Wie erlebte die Splendid Synchron GmbH die Abrechnungsproblematik?
O. F.: Ich kann dazu keine besonderen Ausführungen machen. Allgemein gilt sicherlich, dass die gesetzlichen Rahmenbedingungen sowie das vom Deutschen Rentenbund vorgelegte Abrechnungsmuster komplex und kompliziert sind und damit einen erhöhten bürokratischen Aufwand nach sich ziehen.
Was wurde im Verband bzgl. der Abrechnungsproblematik beschlossen?
B.H.: Die Mitglieder des BVDSP haben die z. Zt. gültigen Kriterien der Spitzenverbände der Sozialversicherungen vom 30.09.05 zur Abrechnung zu akzeptieren, um nicht das Risiko erheblicher Nachforderungen seitens der DRV – Bund einzugehen.
In den Gesprächen mit der DRV Bund war deshalb erste Priorität – unabhängig vom jeweiligen Status des Schauspielers - eine weitestgehende Rechtssicherheit für die Unternehmen zu erlangen.

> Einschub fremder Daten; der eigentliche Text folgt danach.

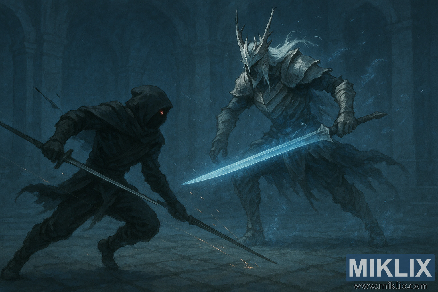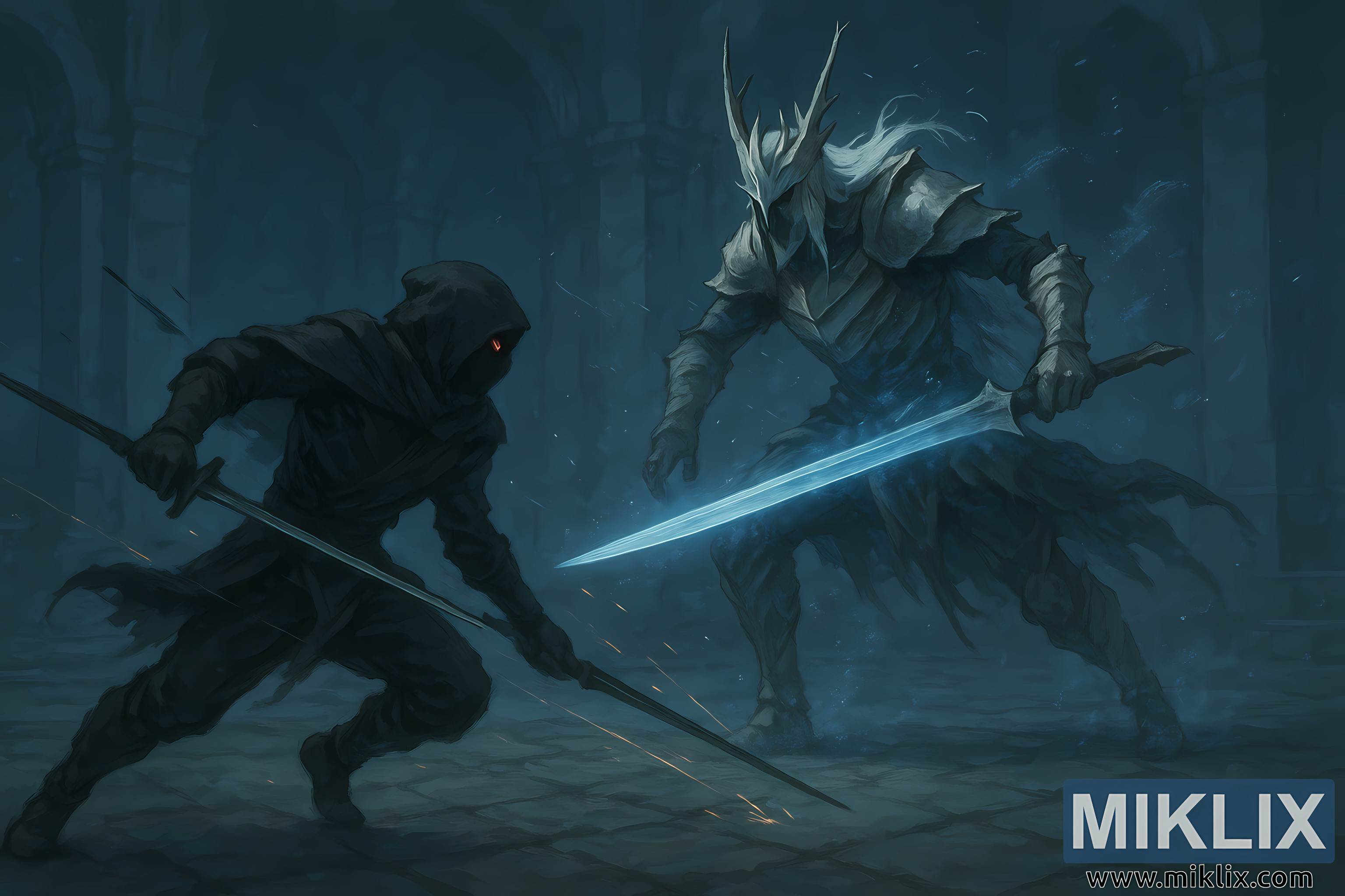 左には、ブラックナイフの暗殺者が躍動感あふれる回避行動の最中を捉えている。体は地面すれすれにひねり上がり、片足に体重を移しながらもう片方の足を後ろに振り上げると、マントがはためいている。ブラックナイフの鎧は、擦り切れて重なり合い、マットな黒色に染まり、周囲の冷たい光を吸収している。暗殺者の赤い片目だけが際立っている。フードの下で激しく輝き、この瞬間の緊迫感と剃刀のように鋭い意識を強調している。湾曲した刃は両方とも抜かれており、片方は体の前で防御的に構え、霜のかかった火花を受け止め、もう片方は素早い反撃に備えて背後に伸ばされている。繊細な金属の刃先は、氷に覆われた環境からの反射光をかすかに捉えている。
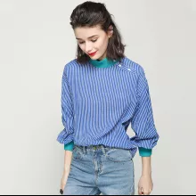 Use our battle tested marketing materials for Striped Lantern Sleeve Ribbed Blouse

D.h. die den Unternehmen vorgegebenen Beurteilungskritierien, die heute gelten, müssen auch noch in drei Jahren deutungsfrei gelten. Dies war in der Vergangenheit leider nicht immer der Fall.
O. F.: Unser zweites Ziel war und ist, sowohl für die Schauspieler als auch für die Unternehmen möglichst praxisnahe und unbürokratische Abrechnungskriterien zu entwickeln.
Hier wurden wir bisher nicht erhört – ob wir es geschafft haben, Rechtssicherheit zu erlangen wird die Zukunft zeigen.
Wie eng ist der Dialog zwischen Ihnen als Verband und dem Interessenverband der Synchronschauspieler e.V.?
O. F.: Beide Vorstände (BVDSP und IVS) treffen sich in regelmäßigen Abständen und tauschen sich über aktuelle Fragen und Probleme aus.
Am 1. Dezember 2006 gab es dann ja auch ein Treffen mit beiden Verbänden mit der Deutsche Rentenversicherung Bund. Was kam dabei heraus?
B.H.: Die DRV Bund sowie die Vertreter der KSK, der Krankenkassen und der Prüfdienste haben die im Schreiben vom 20.09.2006 verbreiteten Abrechnungsvorschriften erläutert. Dazu wurde ein Raster ausgeteilt, anhand dessen es den Firmen erleichtert werden soll, den Abrechnungsstatus zu prüfen. Auch vom BVDSP im Vorfeld vorgelegte exemplarische Einzelfälle wurden erörtert und durchgesprochen. Trotz aller Bereitschaft zur Kooperation und dem geäußerten Verständnis für die Komplexität des Abrechnungsverfahrens machten die Vertreter der Spitzenverbände von Anfang an klar, dass die von der DRV Bund erstellten Abrechnungsmodalitäten bis zu einer höchstrichterlichen Klärung des Sozialversicherungsstatus von Synchronschauspielern nicht zur Disposition gestellt werden.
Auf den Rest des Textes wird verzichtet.